Extended area service (EAS) is a telecommunication service by which telephone calls to certain points beyond the local calling area are not charged or not detail-billed. If the service is subscribed by a customer, other customers have no access to the benefit and are billed standard long-distance charges. The service may also be mandated for regulatory or technical reasons, and has been used in communities split by NPA boundaries when central office code protection was not available. The service may be flat rate, metered, or message-based.

The dialing procedures for extended area service are identical to other local calls to avoid customer confusion and the additional cost of implementing switching changes for the service.

The service implementation provided ambiguity and confusion in areas where long-distance calls had to be dialed by prefixing with the digit 1. In such cases AT&T recommended to rename the service as Expanded Metropolitan Area Calling, to avoid the term local service in customer instructions.

In Canada, EAS is still regulated by the CRTC, even though local service is subject to competition. In Canada, EAS is usually reflected as the appropriate monthly rate group for the number of lines that can be dialed toll-free - a small community gaining EAS with a large city usually means the large city's monthly rate applies to the small community. The rate alternately may be represented by a visible and separate charge, but is often much higher for the small community.

EAS in Canada is often selected by customers who request toll-free calling to a frequently-called nearby exchange. The carrier provides a ballot to customers in the two exchanges to determine whether the service is supported at the proposed increase in monthly rates. Any exchanges located between the two are included in the upgrade and reflected in the rate increase.

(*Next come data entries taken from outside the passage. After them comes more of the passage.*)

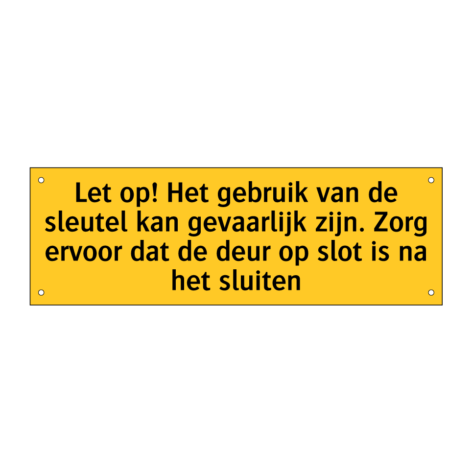 Waarschuwingsbord met de tekst Let op! Het gebruik van de sleutel kan gevaarlijk zijn. Zorg ervoor dat de deur op slot is na het sluiten
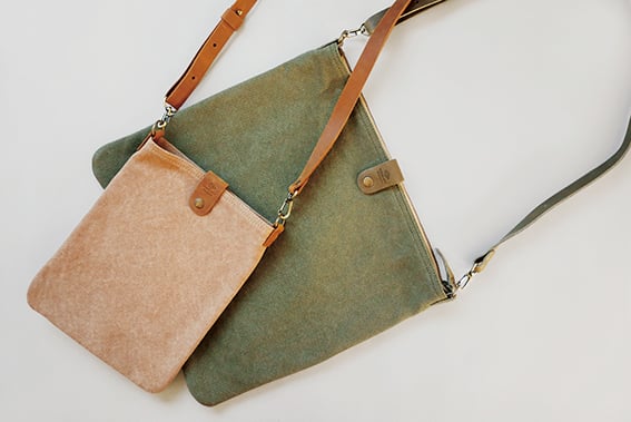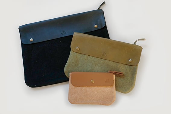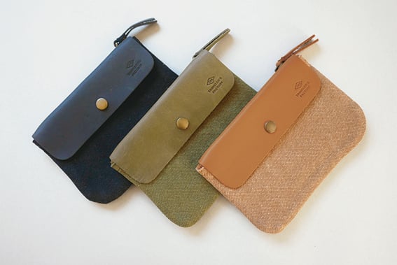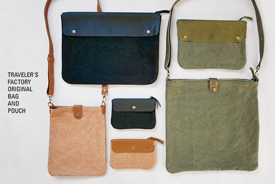 丈夫でナチュラルな風合いのキャンバスとトラベラーズノートの革で作ったバッグとポーチが登場。
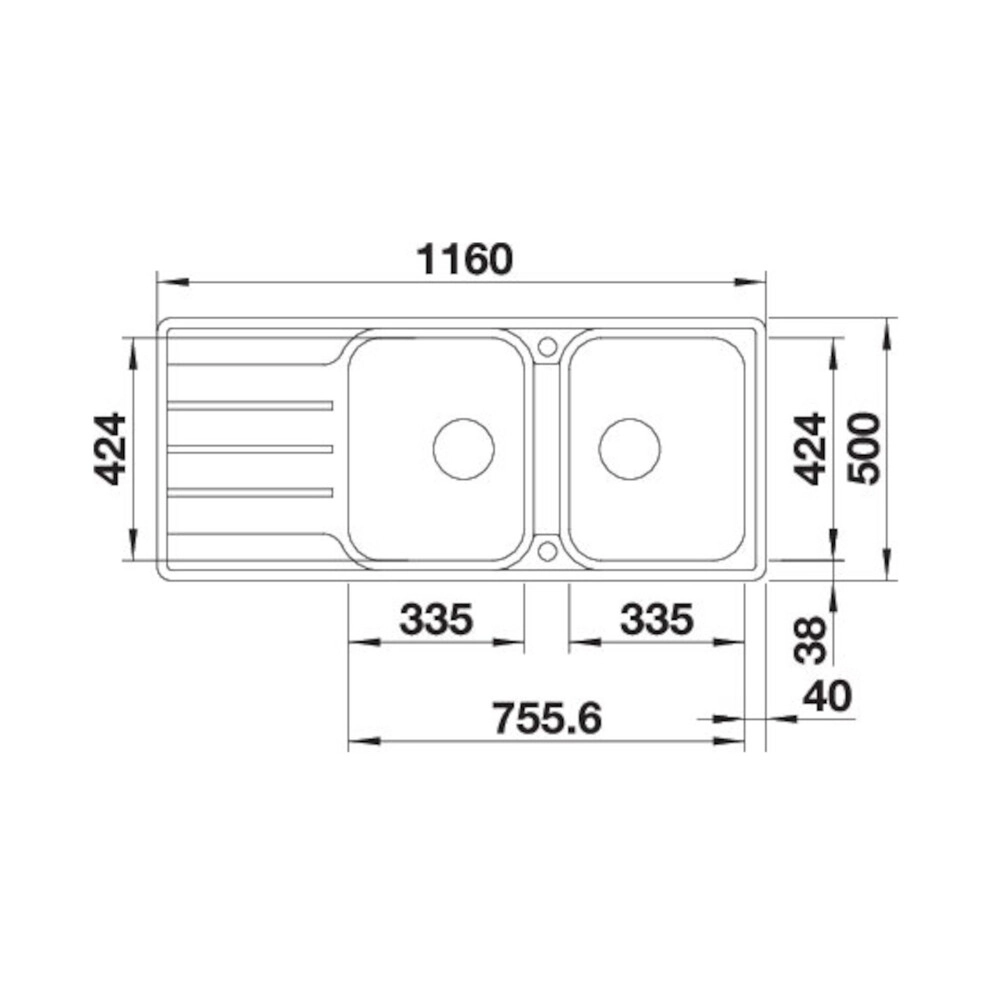 Moderne,klare Gestaltung. Großes Beckenvolumen mit zwei Becken. Großzügige Batteriebankund Abtropffläche.

EAS is more common in areas with contiguous rural occupancy, and is rare for communities separated by undeveloped wilderness. It is usually driven by a common market or community interest, or the dependency of a small community on the larger one. Just as telephone company exchange areas do not correspond with municipal
boundaries, not all areas of a large municipality may enjoy the same EAS area (the Lambeth exchange serving part of London, Ontario, does not have as many exchanges in its EAS area as the London exchange area).

EAS across an international border is rare, and is usually a relic of former common-ownership or a single exchange serving both communities. Surviving examples include Sweet Grass, MT - Coutts, AB (separate exchanges on the border); Stewart, BC - Hyder, AK (Hyder served by Stewart exchange); Estcourt Station, QC - Estcourt, ME (served by Estcourt Station exchange).